*** Opening Supplied records ***

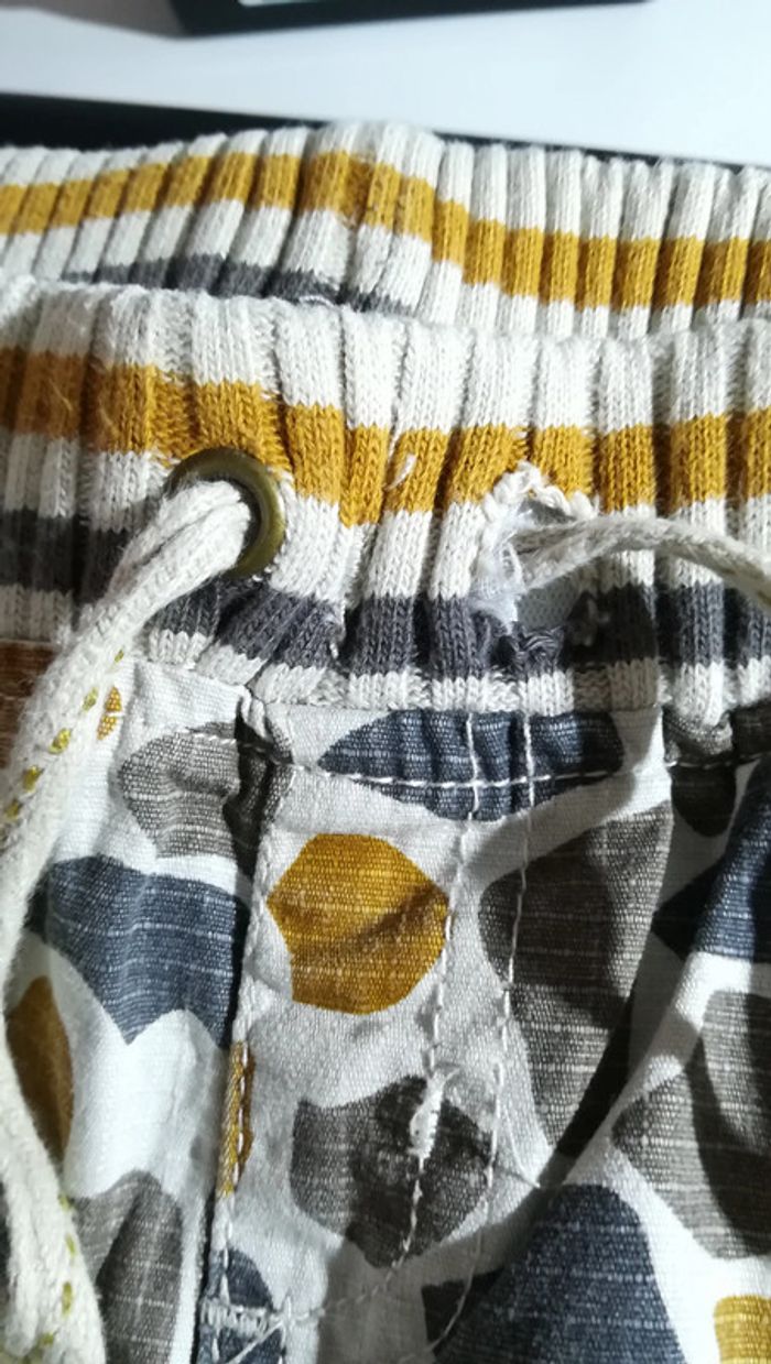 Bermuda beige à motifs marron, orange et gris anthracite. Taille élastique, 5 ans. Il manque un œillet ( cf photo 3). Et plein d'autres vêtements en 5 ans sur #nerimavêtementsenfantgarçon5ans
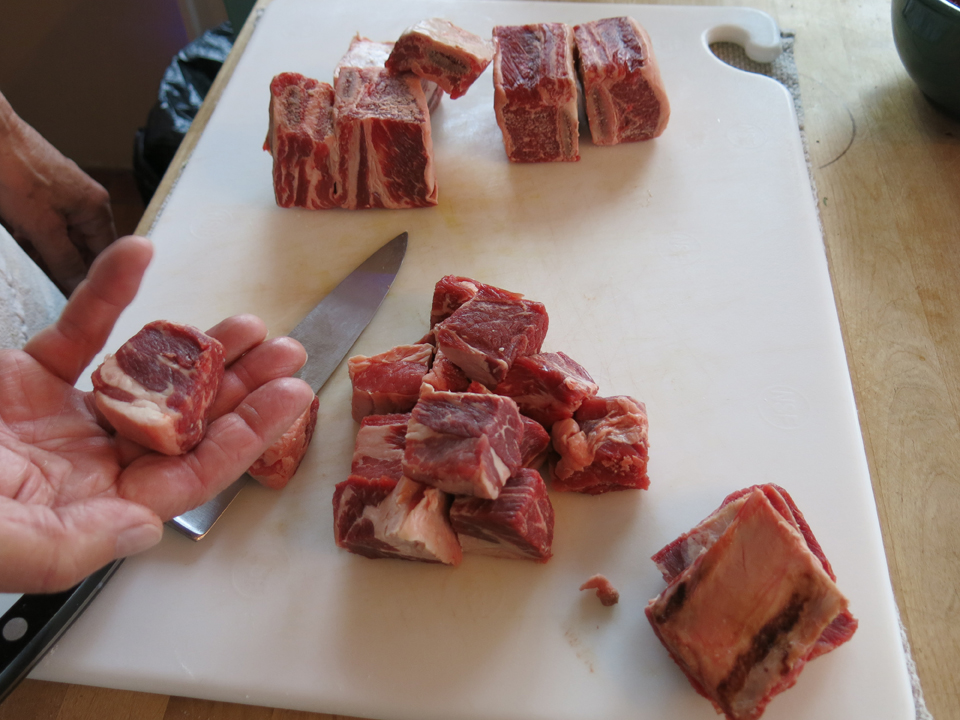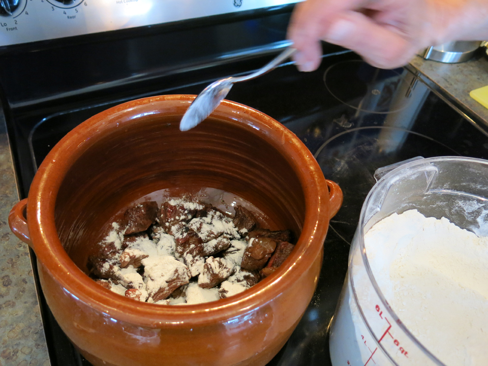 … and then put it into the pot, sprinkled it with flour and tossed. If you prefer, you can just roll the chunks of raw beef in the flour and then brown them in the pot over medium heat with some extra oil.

*** Closing Supplied records ***
*** Opening Supplied records ***

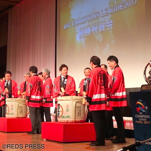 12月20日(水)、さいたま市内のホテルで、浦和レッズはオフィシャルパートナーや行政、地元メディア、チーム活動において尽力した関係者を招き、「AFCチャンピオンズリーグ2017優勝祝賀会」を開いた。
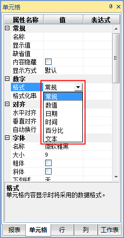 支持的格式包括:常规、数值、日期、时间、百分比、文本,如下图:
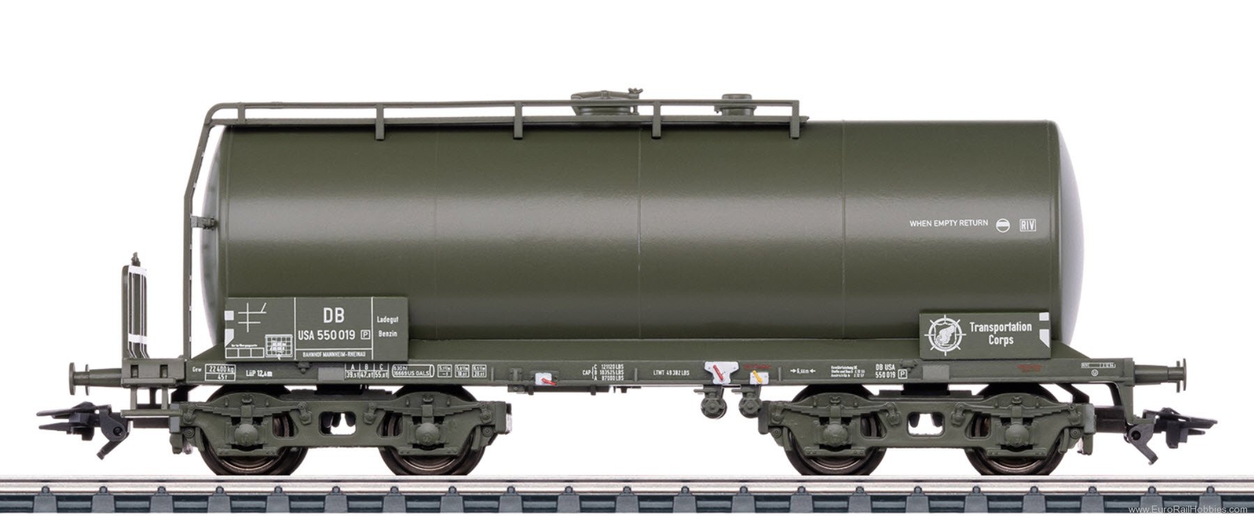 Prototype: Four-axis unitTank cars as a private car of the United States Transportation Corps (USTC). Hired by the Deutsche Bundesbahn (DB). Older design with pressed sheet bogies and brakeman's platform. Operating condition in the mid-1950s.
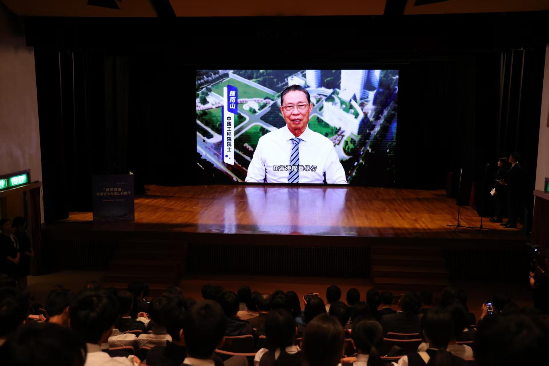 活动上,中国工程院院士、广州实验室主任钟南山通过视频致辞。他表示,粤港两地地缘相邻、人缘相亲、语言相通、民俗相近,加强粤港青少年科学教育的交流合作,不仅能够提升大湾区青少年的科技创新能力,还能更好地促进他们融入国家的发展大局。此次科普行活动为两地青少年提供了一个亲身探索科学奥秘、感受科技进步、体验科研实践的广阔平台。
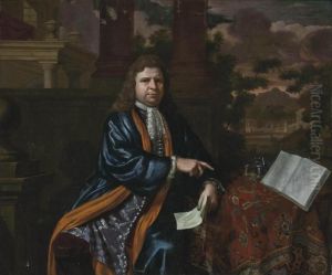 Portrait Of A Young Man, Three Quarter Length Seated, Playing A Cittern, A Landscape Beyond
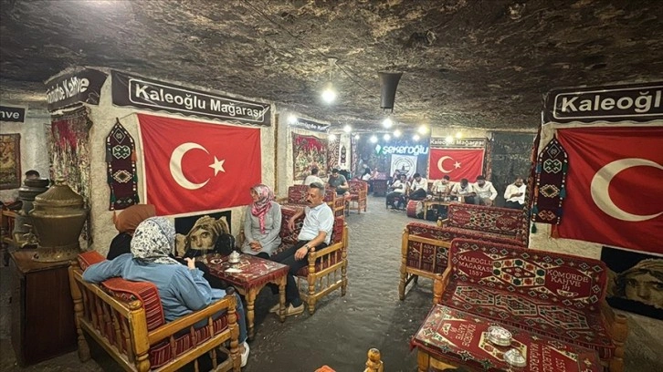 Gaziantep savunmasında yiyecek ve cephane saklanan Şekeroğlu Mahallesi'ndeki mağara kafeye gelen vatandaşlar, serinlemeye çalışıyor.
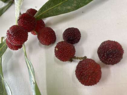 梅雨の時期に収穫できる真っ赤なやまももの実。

*** Closing Supplied records ***
*** Opening Supplied records ***

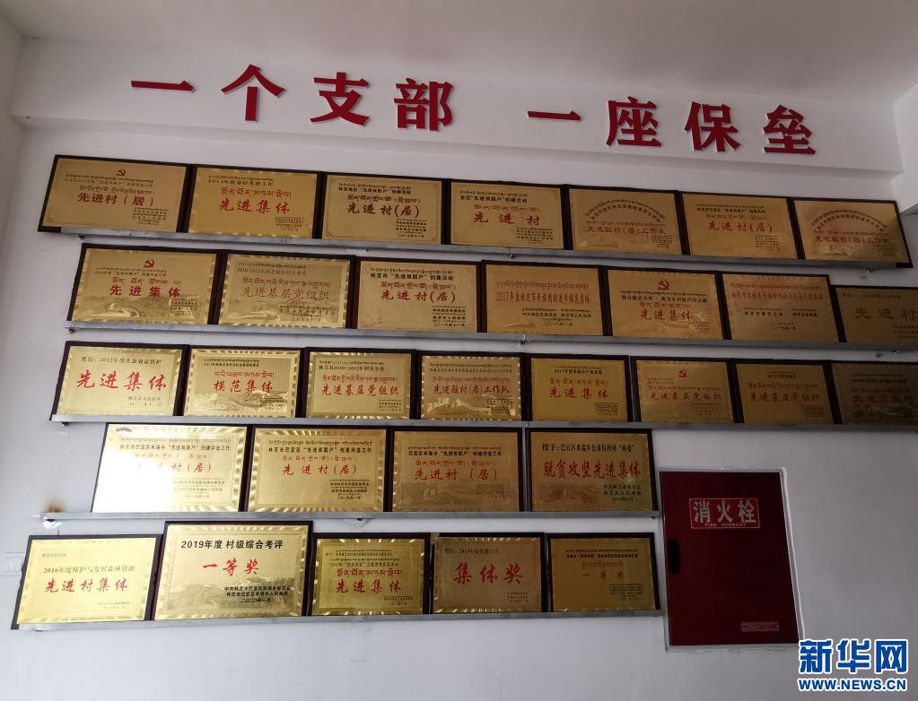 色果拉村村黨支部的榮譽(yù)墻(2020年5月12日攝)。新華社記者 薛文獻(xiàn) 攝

*** Closing Supplied records ***

Work request -
Look back at the data above, then output exactly the lines from the line holding "Bermuda beige à" up to and including the line holding "some extra oil.". Leave out the pictures.

Response to the exercise -
 Bermuda beige à motifs marron, orange et gris anthracite. Taille élastique, 5 ans. Il manque un œillet ( cf photo 3). Et plein d'autres vêtements en 5 ans sur #nerimavêtementsenfantgarçon5ans
 … and then put it into the pot, sprinkled it with flour and tossed. If you prefer, you can just roll the chunks of raw beef in the flour and then brown them in the pot over medium heat with some extra oil.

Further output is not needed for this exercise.